_Assigned task_
Go through the data and tally the lines that hold the string "been". Reply with the total alone.

_Input records_
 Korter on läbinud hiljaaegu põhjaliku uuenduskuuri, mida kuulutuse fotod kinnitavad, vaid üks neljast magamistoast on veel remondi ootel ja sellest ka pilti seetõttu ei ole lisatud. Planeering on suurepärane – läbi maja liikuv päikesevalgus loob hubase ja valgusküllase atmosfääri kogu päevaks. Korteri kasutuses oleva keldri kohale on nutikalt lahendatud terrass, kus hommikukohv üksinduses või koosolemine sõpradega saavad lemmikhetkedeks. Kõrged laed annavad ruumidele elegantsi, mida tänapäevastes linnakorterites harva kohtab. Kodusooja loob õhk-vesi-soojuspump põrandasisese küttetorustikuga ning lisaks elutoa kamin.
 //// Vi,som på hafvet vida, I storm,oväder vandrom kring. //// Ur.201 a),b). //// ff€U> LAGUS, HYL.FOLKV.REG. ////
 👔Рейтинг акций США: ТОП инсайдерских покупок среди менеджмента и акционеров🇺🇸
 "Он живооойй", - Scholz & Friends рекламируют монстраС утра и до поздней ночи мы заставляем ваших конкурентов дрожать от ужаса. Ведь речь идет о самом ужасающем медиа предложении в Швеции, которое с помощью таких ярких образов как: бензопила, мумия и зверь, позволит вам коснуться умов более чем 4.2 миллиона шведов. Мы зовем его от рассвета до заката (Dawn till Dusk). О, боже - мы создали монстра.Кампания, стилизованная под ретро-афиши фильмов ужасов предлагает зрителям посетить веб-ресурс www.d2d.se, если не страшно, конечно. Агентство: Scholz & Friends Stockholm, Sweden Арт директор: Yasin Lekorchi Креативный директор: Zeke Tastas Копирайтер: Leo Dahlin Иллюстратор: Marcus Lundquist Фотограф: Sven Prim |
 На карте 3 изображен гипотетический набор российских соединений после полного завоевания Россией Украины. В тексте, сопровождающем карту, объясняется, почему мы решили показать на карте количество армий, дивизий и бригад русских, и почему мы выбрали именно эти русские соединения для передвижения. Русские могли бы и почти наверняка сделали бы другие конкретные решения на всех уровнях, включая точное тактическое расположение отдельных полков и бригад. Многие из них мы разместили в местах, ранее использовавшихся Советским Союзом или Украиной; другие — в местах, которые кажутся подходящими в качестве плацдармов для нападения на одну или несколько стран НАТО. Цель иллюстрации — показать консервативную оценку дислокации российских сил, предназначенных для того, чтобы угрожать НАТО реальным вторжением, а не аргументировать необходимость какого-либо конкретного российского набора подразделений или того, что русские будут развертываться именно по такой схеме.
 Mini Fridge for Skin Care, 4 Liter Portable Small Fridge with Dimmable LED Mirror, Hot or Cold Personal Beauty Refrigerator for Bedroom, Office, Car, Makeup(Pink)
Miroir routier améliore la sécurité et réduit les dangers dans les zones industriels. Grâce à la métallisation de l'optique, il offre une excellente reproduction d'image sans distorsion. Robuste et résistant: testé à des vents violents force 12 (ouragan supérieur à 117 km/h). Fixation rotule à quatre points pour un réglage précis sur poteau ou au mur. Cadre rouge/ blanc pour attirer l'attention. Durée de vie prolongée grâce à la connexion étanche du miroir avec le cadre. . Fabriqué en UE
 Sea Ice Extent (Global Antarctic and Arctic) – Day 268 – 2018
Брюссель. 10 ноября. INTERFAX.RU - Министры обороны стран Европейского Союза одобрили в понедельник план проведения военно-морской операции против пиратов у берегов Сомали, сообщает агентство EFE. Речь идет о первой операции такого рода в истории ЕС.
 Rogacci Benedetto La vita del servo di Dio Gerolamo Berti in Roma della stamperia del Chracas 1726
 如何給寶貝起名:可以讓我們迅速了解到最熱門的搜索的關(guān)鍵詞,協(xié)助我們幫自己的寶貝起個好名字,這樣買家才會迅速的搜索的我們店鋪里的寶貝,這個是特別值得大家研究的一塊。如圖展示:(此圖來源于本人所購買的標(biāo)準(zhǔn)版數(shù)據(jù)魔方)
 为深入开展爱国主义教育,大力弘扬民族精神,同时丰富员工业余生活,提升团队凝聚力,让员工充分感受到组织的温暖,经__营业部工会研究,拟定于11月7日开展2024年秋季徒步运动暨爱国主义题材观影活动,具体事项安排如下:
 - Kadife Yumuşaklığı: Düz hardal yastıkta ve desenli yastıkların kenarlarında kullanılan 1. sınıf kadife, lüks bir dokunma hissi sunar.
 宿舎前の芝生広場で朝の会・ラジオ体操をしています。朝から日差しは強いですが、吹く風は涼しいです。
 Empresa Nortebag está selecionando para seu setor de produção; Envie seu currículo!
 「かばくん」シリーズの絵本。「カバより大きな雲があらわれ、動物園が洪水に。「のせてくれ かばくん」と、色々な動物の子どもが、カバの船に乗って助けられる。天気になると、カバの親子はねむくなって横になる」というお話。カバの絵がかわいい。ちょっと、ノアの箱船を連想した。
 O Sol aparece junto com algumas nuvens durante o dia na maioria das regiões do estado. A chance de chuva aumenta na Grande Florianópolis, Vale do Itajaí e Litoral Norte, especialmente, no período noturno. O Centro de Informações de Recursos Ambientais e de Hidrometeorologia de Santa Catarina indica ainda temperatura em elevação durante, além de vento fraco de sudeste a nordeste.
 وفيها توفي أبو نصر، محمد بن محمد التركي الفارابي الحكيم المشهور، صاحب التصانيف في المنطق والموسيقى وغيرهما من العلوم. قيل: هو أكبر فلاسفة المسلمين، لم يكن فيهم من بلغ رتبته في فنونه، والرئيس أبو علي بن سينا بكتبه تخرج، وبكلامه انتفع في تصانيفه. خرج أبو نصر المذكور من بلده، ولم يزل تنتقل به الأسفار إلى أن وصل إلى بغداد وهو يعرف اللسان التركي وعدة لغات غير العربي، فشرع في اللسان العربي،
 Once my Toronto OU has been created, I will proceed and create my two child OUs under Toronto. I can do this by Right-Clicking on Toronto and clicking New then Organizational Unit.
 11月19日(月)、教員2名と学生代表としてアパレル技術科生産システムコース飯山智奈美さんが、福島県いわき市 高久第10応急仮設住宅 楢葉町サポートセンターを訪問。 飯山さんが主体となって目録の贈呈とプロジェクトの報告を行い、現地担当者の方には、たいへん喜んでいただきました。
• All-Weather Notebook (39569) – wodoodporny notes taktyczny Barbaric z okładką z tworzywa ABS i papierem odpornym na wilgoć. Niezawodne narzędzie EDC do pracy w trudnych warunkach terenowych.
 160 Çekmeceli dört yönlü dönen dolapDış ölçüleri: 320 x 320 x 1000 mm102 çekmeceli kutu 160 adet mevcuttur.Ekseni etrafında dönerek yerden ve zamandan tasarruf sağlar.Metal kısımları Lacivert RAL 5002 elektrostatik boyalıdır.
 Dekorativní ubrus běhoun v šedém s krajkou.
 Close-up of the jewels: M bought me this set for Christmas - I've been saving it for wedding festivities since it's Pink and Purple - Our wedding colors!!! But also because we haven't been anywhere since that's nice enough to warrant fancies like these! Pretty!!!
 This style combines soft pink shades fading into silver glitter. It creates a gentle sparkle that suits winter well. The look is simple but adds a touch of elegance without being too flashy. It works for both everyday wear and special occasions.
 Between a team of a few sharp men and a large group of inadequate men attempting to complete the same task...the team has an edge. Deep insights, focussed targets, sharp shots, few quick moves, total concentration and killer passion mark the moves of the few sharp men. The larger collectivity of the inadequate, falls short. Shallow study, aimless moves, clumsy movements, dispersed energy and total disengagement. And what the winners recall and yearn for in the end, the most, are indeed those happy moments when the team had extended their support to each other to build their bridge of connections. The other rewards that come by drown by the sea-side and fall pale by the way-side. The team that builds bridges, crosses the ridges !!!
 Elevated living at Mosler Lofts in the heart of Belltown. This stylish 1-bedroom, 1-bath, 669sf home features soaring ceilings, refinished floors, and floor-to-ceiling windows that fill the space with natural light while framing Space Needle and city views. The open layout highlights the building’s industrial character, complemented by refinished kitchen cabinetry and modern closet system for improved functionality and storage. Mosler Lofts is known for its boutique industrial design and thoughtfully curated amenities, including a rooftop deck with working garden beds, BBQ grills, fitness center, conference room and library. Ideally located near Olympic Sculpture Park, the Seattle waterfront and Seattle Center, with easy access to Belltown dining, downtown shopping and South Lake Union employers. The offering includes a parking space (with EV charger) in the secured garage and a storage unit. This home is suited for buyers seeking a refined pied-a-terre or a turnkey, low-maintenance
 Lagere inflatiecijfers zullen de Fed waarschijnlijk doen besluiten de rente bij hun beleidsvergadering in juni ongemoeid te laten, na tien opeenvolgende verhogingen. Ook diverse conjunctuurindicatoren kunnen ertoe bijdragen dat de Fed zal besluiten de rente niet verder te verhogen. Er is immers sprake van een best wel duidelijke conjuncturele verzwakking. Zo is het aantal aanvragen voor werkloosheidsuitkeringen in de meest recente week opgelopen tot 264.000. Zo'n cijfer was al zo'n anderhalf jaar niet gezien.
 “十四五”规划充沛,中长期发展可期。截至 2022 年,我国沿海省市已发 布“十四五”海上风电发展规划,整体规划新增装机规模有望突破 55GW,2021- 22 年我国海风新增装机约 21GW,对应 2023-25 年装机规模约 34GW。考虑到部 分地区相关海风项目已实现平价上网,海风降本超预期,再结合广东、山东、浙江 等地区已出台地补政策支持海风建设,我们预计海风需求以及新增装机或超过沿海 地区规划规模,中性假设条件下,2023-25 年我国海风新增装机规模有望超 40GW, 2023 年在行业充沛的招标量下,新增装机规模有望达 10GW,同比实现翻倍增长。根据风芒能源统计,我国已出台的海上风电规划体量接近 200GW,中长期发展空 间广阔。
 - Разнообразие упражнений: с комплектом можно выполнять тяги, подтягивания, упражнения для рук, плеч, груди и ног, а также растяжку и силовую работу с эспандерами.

_Your response_
2